Home › Forums › FABRIC General Questions and Discussion › Bmv2 max performance in FABRIC
Tagged: Bmv2, Performance, Throughput
- This topic has 11 replies, 3 voices, and was last updated 1 year, 1 month ago by Elie Kfoury.
-
AuthorPosts
-
September 18, 2023 at 11:46 am #5331
Hi,
I was looking at the following Fabric document: https://github.com/fabric-testbed/jupyter-examples/blob/main/fabric_examples/complex_recipes/p4_labs_bmv2/lab1_creating_a_slice_with_a_P4_switch.ipynb
There is a section about high performance towards the end, and it mentioned it could achieve a speed of ~1Gbps using Bmv2. However when I tried it on my Fabric instance, I can get only upto ~160Mbps before packets start to drop.
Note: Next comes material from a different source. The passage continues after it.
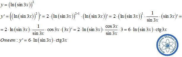 Найти производную сложной функции : y= (ln(sin3x)) ^2

As the doc mentioned, I disabled all logging while building the Bmv2 switch binary and have run the ‘disable-offload.sh’ script and verified that the offloads have been turned off.A. Could you please elaborate on how a throughput close to 1Gbps was achieved ? I would like to recreate this performance in my fabric setup.
1) What kind of network connections were used (L2STS etc.) ?
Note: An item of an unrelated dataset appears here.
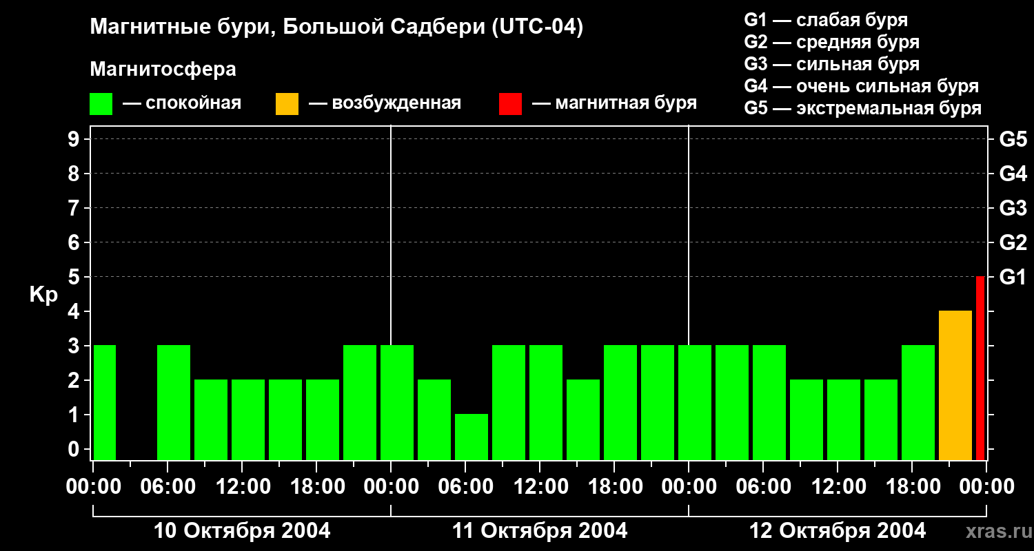 Магнитные бури Большом Садбери 12 октября 2004 года

2) How many cores and main memory were assigned for the switch VM ?
3) Was it using a shared NIC or smart NIC ? No.of hardware queues ?
4) UDP or TCP payload?
5) Size of the packet ?
6) Any process scheduling alterations (e.g. nice values or cpu pinning? )B. Could you explain how disabling hardware offloads can increase the speed. It seems counter-intuitive. Is it because of the VM hypervisor or is there some other dependency?
September 18, 2023 at 1:14 pm #5333I tried the same example, after tuning up the servers and the switch I am getting max of “3.17 Gbits/sec” and average 709 Mbits/s.
Server configs :
server1 = slice.add_node(name=”server1″,
site=site1,
cores=8,
ram=16,
disk=500,
image=’default_ubuntu_20′)server2 = slice.add_node(name=”server2″,
site=site3,
cores=8,
ram=16,
disk=500,
image=’default_ubuntu_20′)Switch config :
switch = slice.add_node(name=”switch”,
site=site2,
cores=32,
ram=16,
disk=40,
image=’default_ubuntu_20′)The results are attached.
Kind regards,
Nagmat
- This reply was modified 1 year, 2 months ago by Nagmat Nazarov.
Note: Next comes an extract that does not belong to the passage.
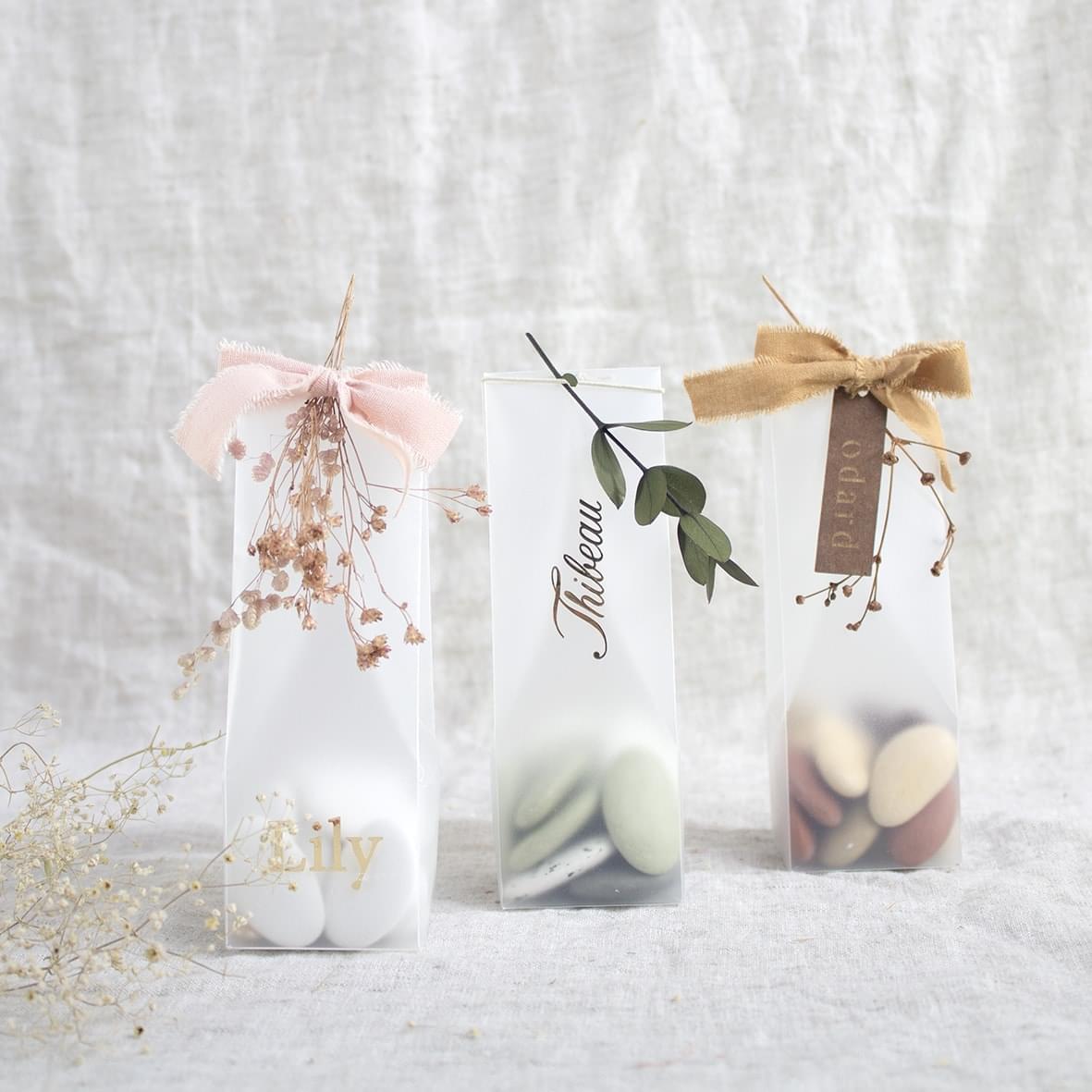 We lieten ze maken in 4 verschillende modellen. Een mini doosje voor een suikerlolly (té schattig!) – een klassiek hoog doosje – een vierkant doosje en een balkdoosje voor suikerbonen of potloden.

- This reply was modified 1 year, 2 months ago by Nagmat Nazarov.
September 18, 2023 at 10:25 pm #5341Hi Nishanth,
I tried running the notebook you mentioned, and I got a throughput close to 1Gbps. Note that I changed the sites since NCSA, STAR, and UMich are under maintenance. I use the following sites:
site1=’MAX’
site2=’MASS’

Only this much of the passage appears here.